From a lecture Warren Buffet gave at Norte Dame in 1991:
“You’d get very rich if you thought of yourself as having a card with only twenty punches in a lifetime, and every financial decision used up one punch. You’d resist the temptation to dabble. You’d make more good decisions and you’d make more big decisions.”
I love that saying not because of its financial implications (though it’s certainly smart there, too), but because you can apply it to many areas of your life.
You can think of punches as days in your favorite teacher’s class, practices with your team, meetings of your club or organization, shifts at your part-time job, nights out with your friends, etc.
Dabbling isn’t necessarily bad. I don’t think you should hesitate to take a short, fun glassblowing class at a community center because you feel pressured to save that hole punch spot for something bigger and more important.

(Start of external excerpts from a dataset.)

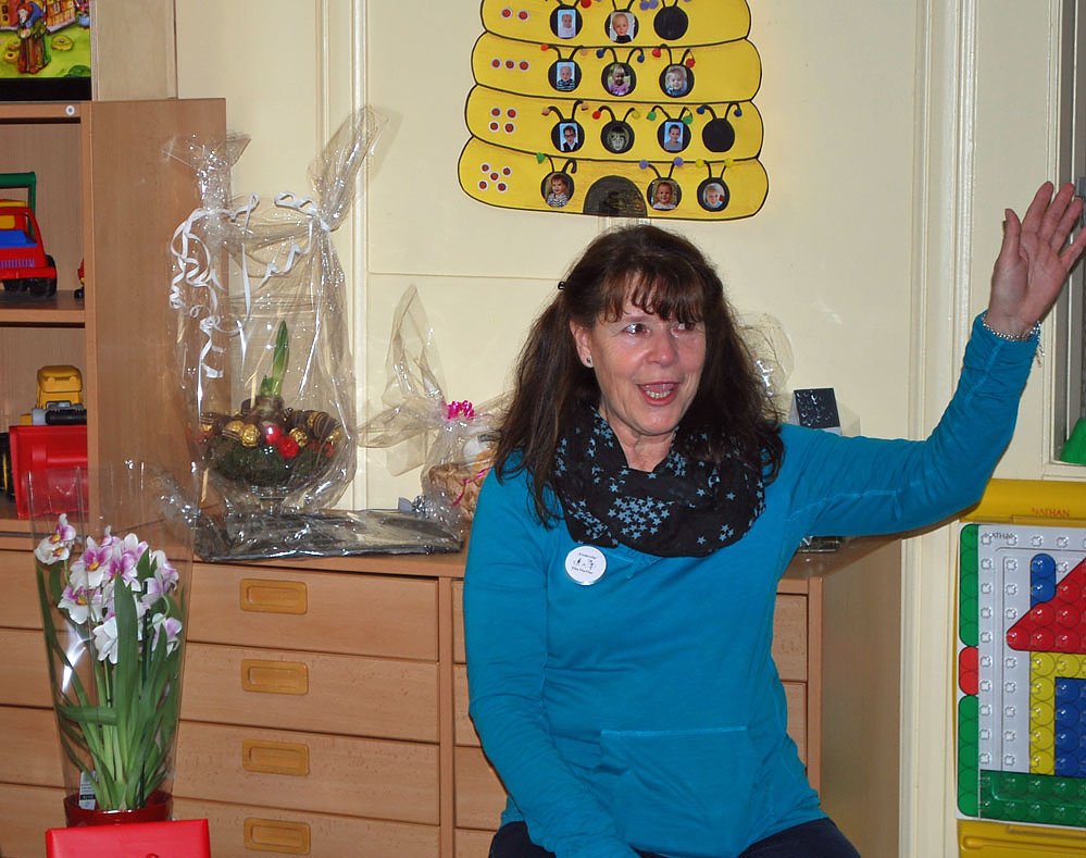 Natürlich wurde sie von ihrem Team und den Kindern gebührend verabschiedet. Es wurde gesungen, getanzt und gelacht, aber auch so manche Träne stahl sich in die Augen, denn alle hatten Tante Elke gern. Sie war immer eine engagierte, lebensfrohe und liebevolle Erzieherin und zuverlässige Kollegin.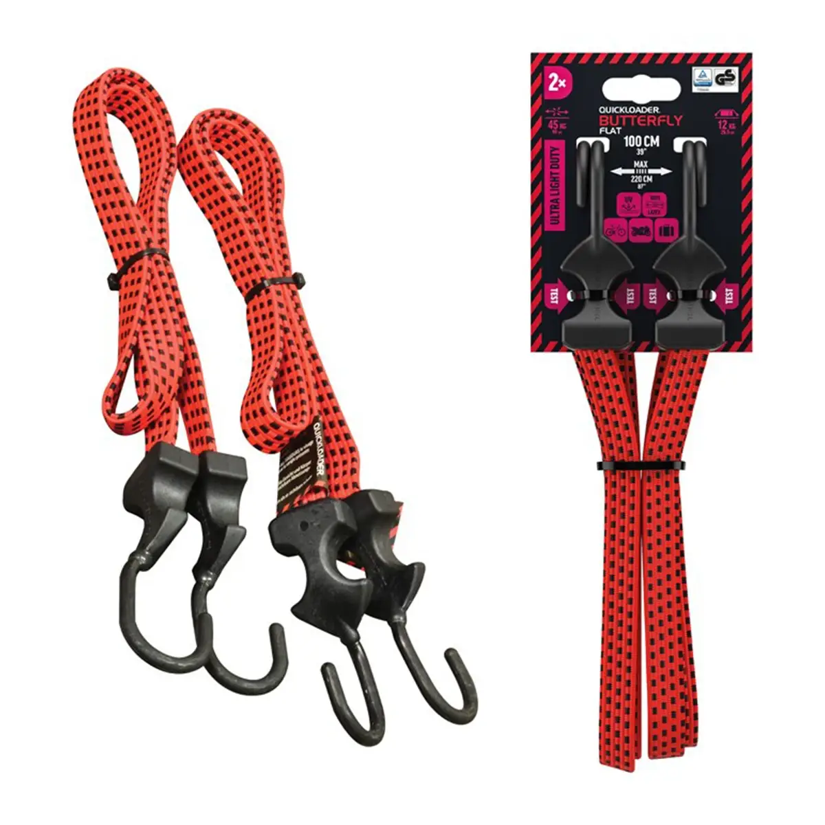 Quickloader Bungee Butterfly Flat je špičková upínacia guma s plochým profilom, navrhnutá pre maximálnu bezpečnosť, pevnosť a komfort pri upevňovaní. Inovatívna konštrukcia typu Butterfly v kombinácii s odolnými plastovými hákmi zaručuje spoľahlivé uchytenie bez poškodenia povrchu. S dĺžkou 100 cm, šírkou 18 mm a nosnosťou až 45 kg predstavuje ideálne riešenie pre všetkých, ktorí potrebujú rýchlo a bezpečne zabezpečiť náklad, výbavu alebo predmety v domácnosti, dielni či na cestách.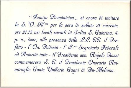 Biglietto di invito del Presidente avv. Angelo Rossi commemorerà S.E. il Presidente Onorario Ammiraglio Conte Umberto Cagni di Bu-Meliana.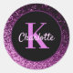 Sticker Rond Anniversaire violet rose parties scintillant monog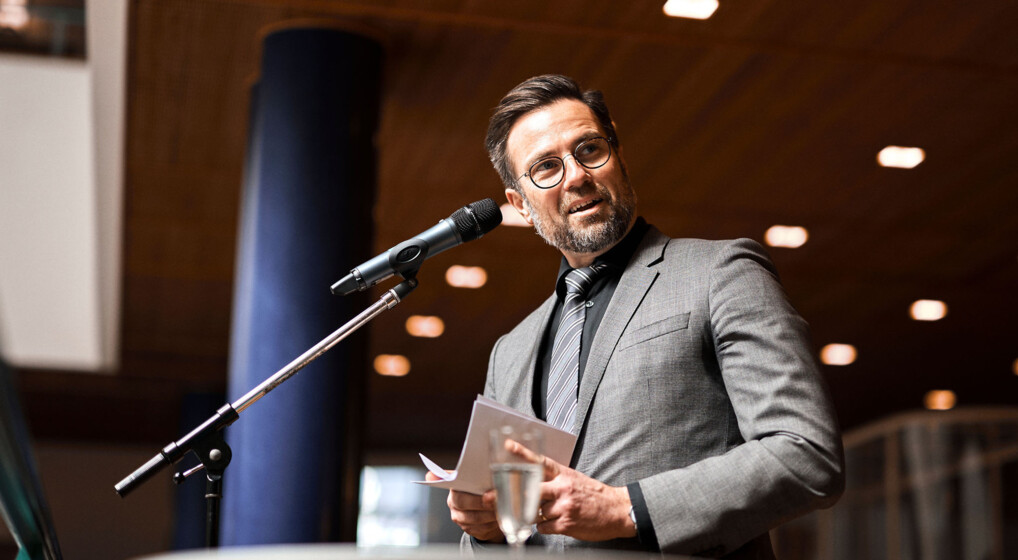 Borgmester Peter Rahbæk Juhl bød den nye biskop over Fyens Stift, Mads Davidsen, velkommen i rådhussalen til reception efter bispevielsen.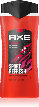 Описание Axe Recharge Arctic Mint & Cool SpicesТип кожидля всех типов кожиГель для душа Axe Recharge Arctic Mint & Cool Spices превращает ежедневную гигиену в уникальное и освежающее занятие.Особенности:мягко очищает кожу всего тела после применения, дарит ощущение свежести и энергии, смягчает и гидраты можно использовать для тела и волос. Способ применения: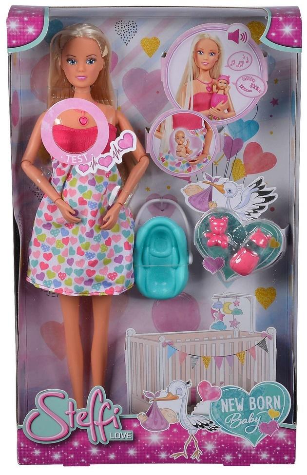 Steffi spodziewa się dziecka, mnóstwo zabawy dostarczą funkcje dźwiękowe lalki. Możemy wsłuchać się w bicie serca jeszcze nienarodzonego bobasa - wystraszy nacisnąć na naszyjnik lalki w kształcie serca. Podczas nadejścia bobasa na świat usłyszymy płacz dziecka zwiastujący jego zdrowie i szczęście młodej mamy - wystarczy ponownie nacisnąć na naszyjnik. Aby usłyszeć dźwięki rozbawionego noworodka w objęciach mamy czy uspokajającą kołysankę należy zamknąć brzuch przez przewrócenie wmontowanej zakładki i kolejno naciskać na naszyjnik. Lalka ma zginane w łokciach i nadgarstkach ręce, dołączone jest nosidełko i akcesoria do pielęgnacji noworodka, funkcja try-me, wysokość lalki: 29 cm, 3l+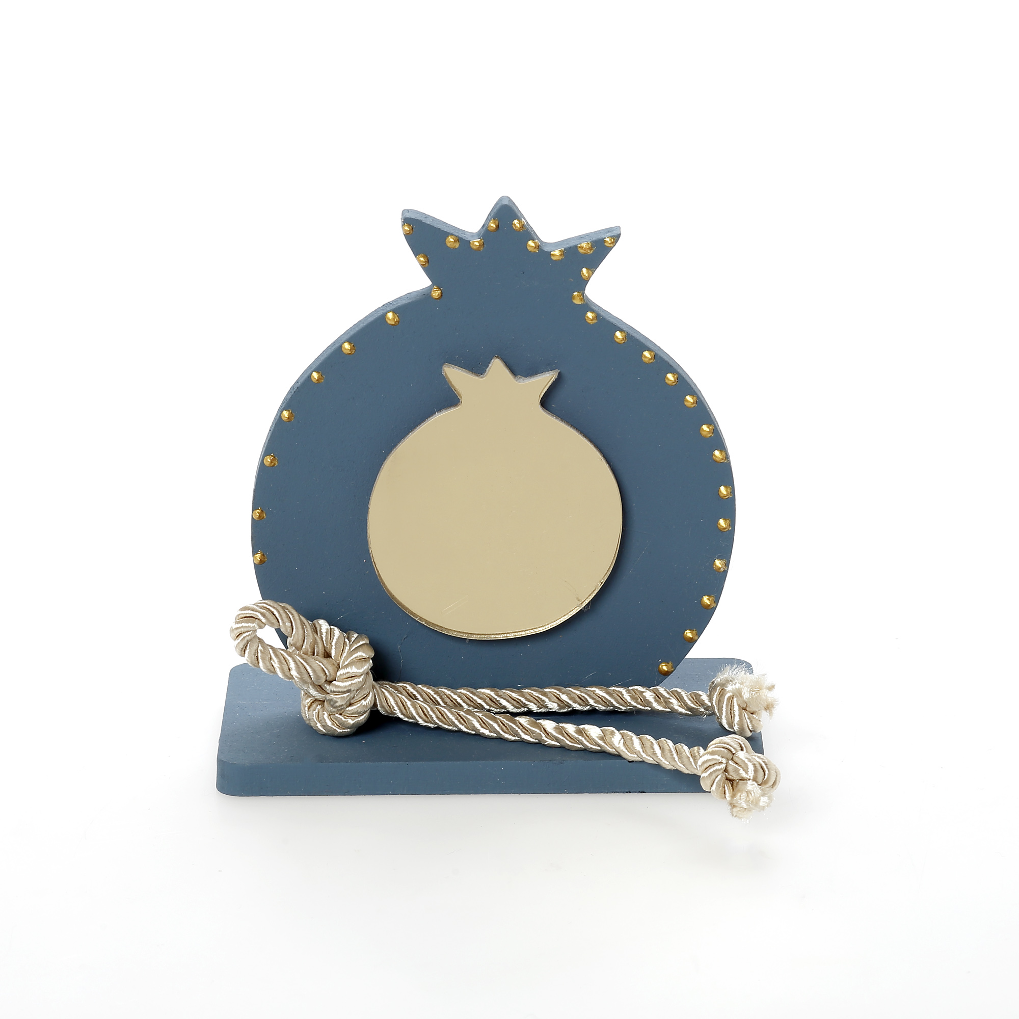 Ξύλινο γούρι ρόδι με βάση, σε μπλε χρώμα, με χρυσό plexiglass ρόδι και χρυσό κρίκοΔιαστάσεις: 12Χ12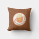 Diversão Fall travesseiro decorativo apresenta crachá de tipografia de piche de abóbora com um plano de fundo castanho.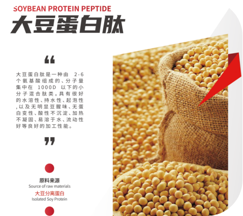 大豆蛋白肽是一种由2-6个氨基酸组成的、分子量集中在1000D以下的小分子混合肽类。具有很好的水溶性、持水性、起泡性,以及无明显豆腥味、无蛋白变性、酸性不沉淀、加热不凝固、易溶于水、流动性好等良好的加工性能。

But if you’re going to take the class, make it worth the hole punch. Sit in the front. Ask questions. Really extract as much from it as you can. Make the hole punch worth it.
And I really can’t think of a better way to get the most out of college.
You’ll have a limited number of days as a college student. Make every one of them worth the hole punch. Whether you’re sitting in a Nobel-Prize-winning professor’s class, studying for a final, participating in a club, working at an internship, or hanging out on a Tuesday night with your new friends in the dorm (those nights are some of the best in college), soak it in and make each day punch worthy.